When, at the end of the 19th century, Countess Irma Sztáray is chosen as the lady-in-waiting to the Empress, the latter flees male company to live surrounded by women, far from the stifling conventions of the Court. Irma is then sent to Corfu, Greece, far from the imperial etiquette in which she was raised. The Empress’s frugal, sporty and mischievous way of life opens up new horizons for her. Underneath the initial challenges, a complicity is born that could turn into fanatical love…
Mixing historical fact with pure fiction, “Sisi & I” takes an offbeat, free-spirited approach, far removed from the glitz and glamour of the imperial dinners of the time and the lush settings of most royal biopics. The film also features no period music, instead opting for an English-speaking pop/rock soundtrack exclusively made up of female voices, once again refocusing the narrative on the story of the empress and her maid rather than on imperial society. Above all, it’s the story of this duo – led by the excellent Sandra Hüller, again in a very different role this year (Anatomy of a Fall; The Zone of Interest) and a brilliant Susanne Wolff (Das Fremede in mir; Styx) – whose relationship leads to major alterations in style and attitude.
These transformations include a shift in clothing from heavy period accoutrements to a sleeker, lighter, more flexible (and more neutral, too?) style. Costume designer Tanja Hausner’s richly colored creations tell much of the story here, blurring eras with aplomb, as delicate period corsetry gives way to anachronistic outfits.
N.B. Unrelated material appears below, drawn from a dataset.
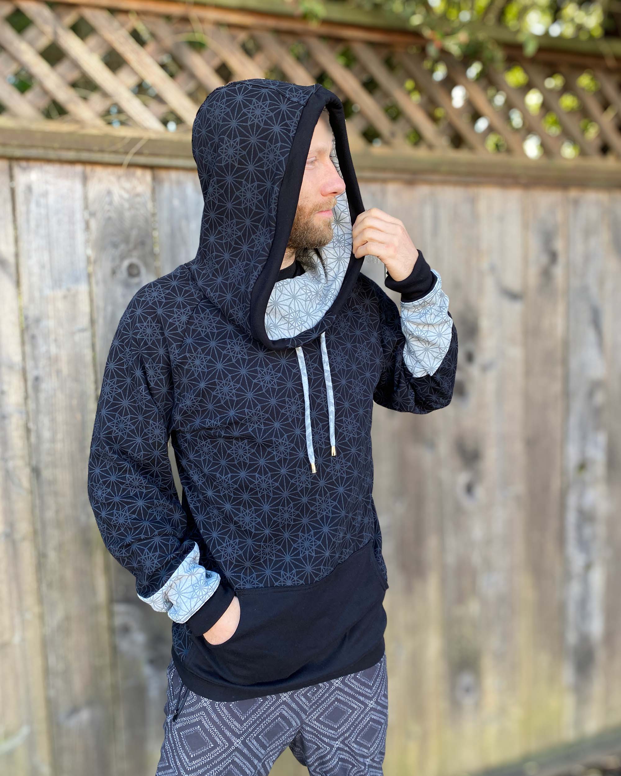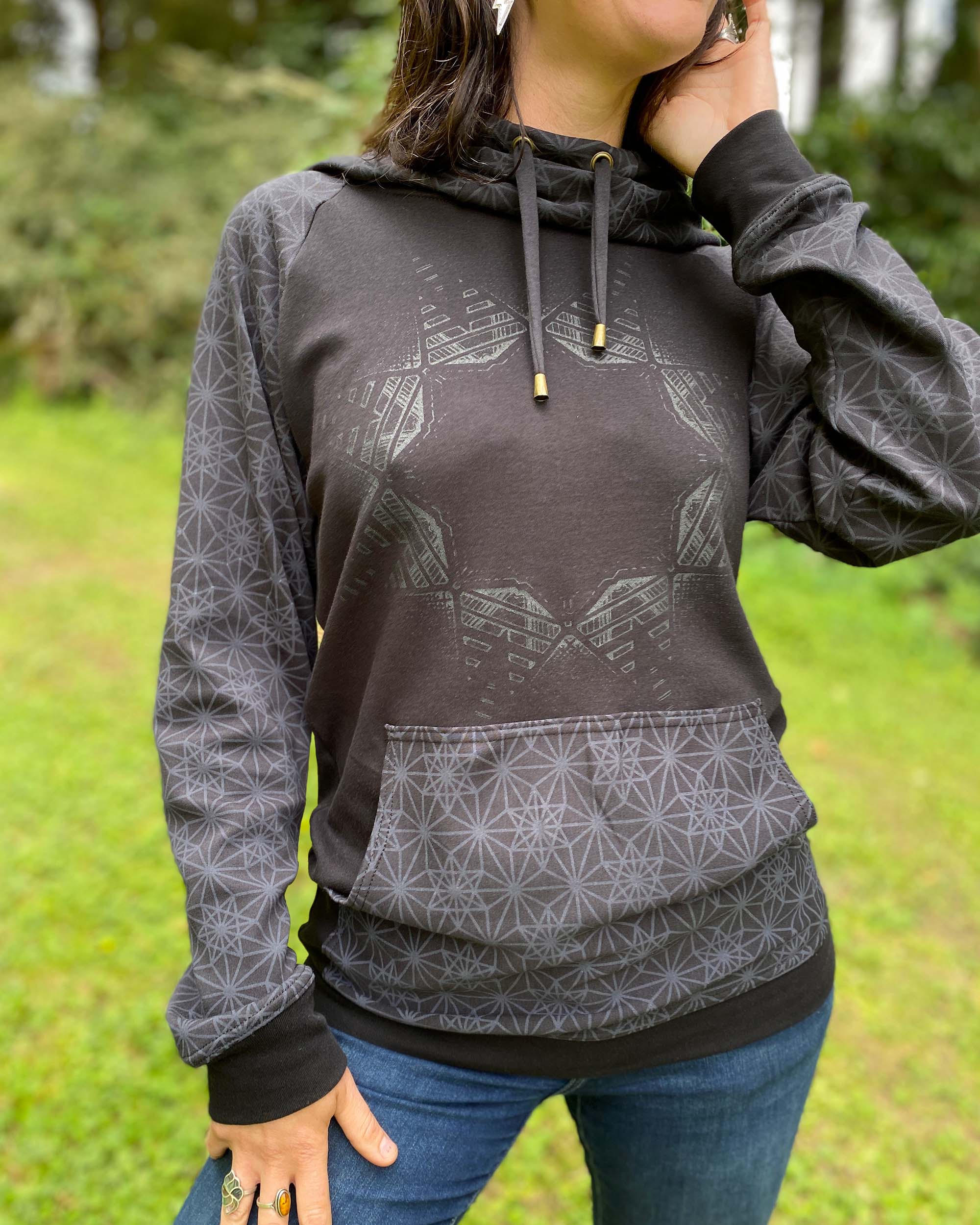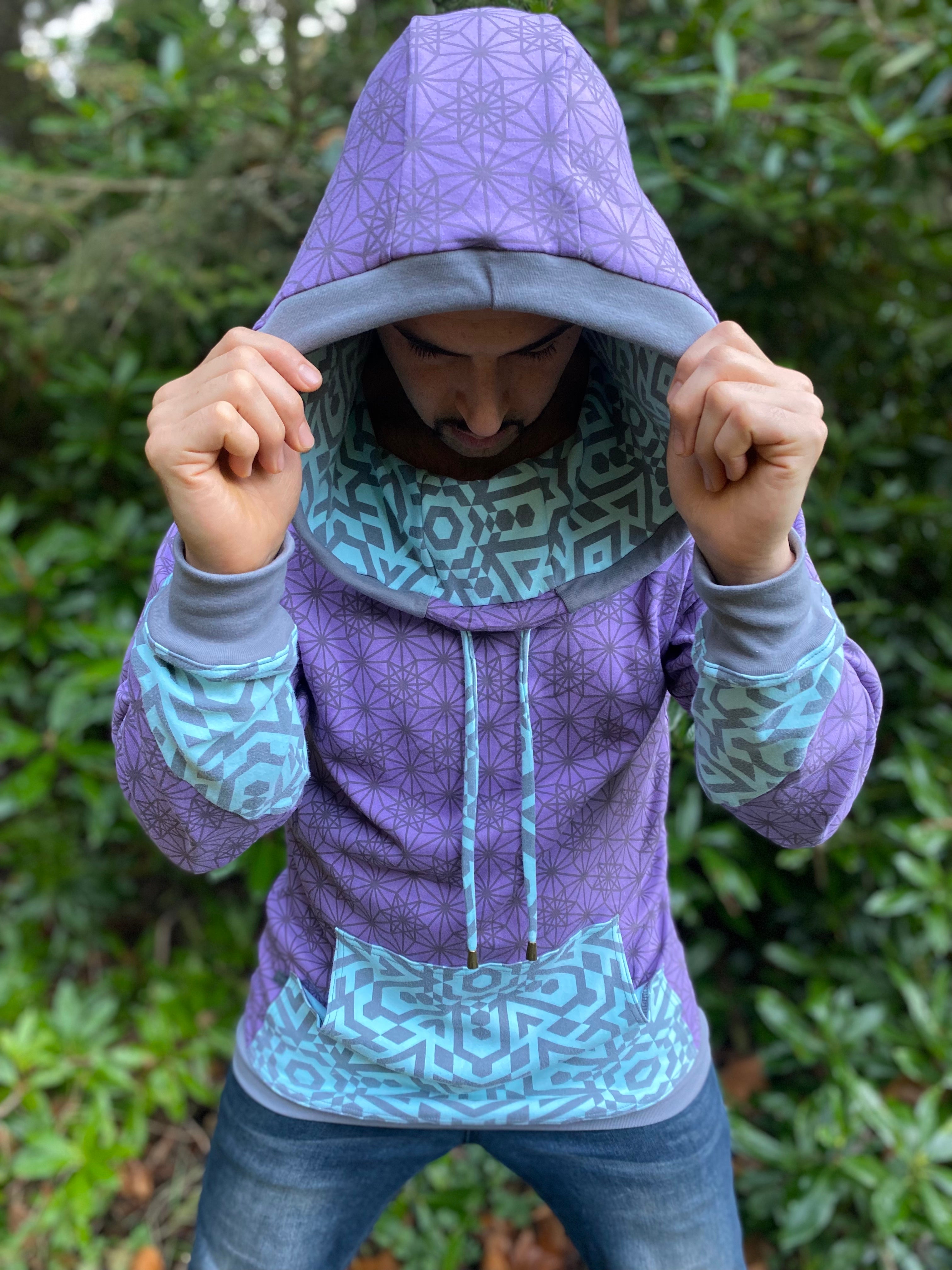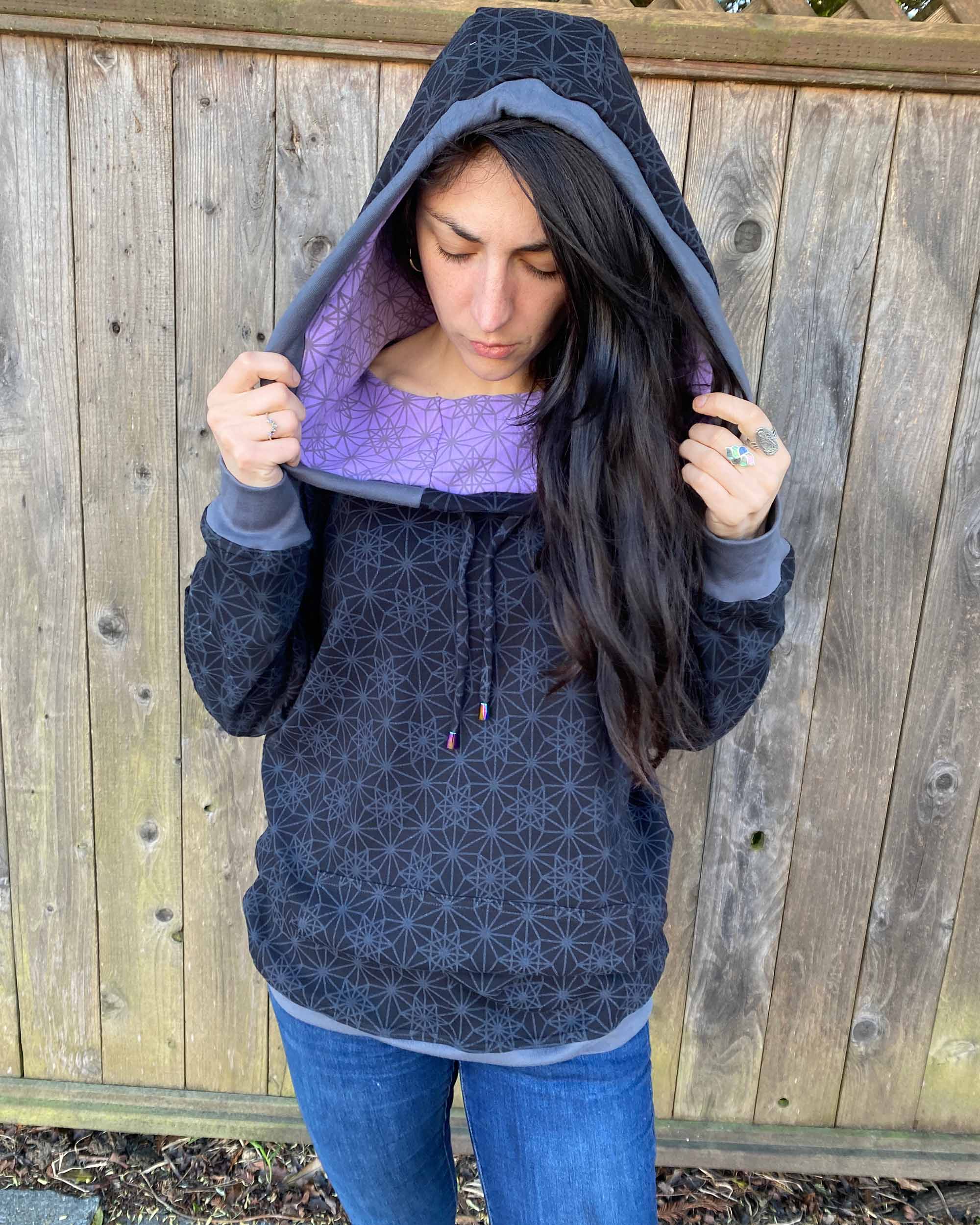 The Geo Modulator is your One of A Kind Garment Customizer. Edit and customize this long bodied cowl hood pullover made in our 100% organic cotton interlock jersey knit fabric. Style with solids and geometric fabrics, screen prints, drawcords and extra add-ons. Build your dream Portal Hoodie today.

Thomas Kiennast’s beautiful framing also emphasizes this evolution in mindset and in the history of women, opening the film in a closed space where women (corseted, no less) are locked up in a world that dominates them, before the wide frame of vast natural environments frees them from their social constraints.
Although the film’s length is somewhat felt in the second half, “Sisi & I” remains an interesting proposition offering an intriguing take on the most famous ‘kaiserin’, which unfortunately runs the risk of remaining in the shadow of « Corsage ». An off-kilter, multilingual historical romance whose approach succeeds in revisiting the life of Empress Sisi.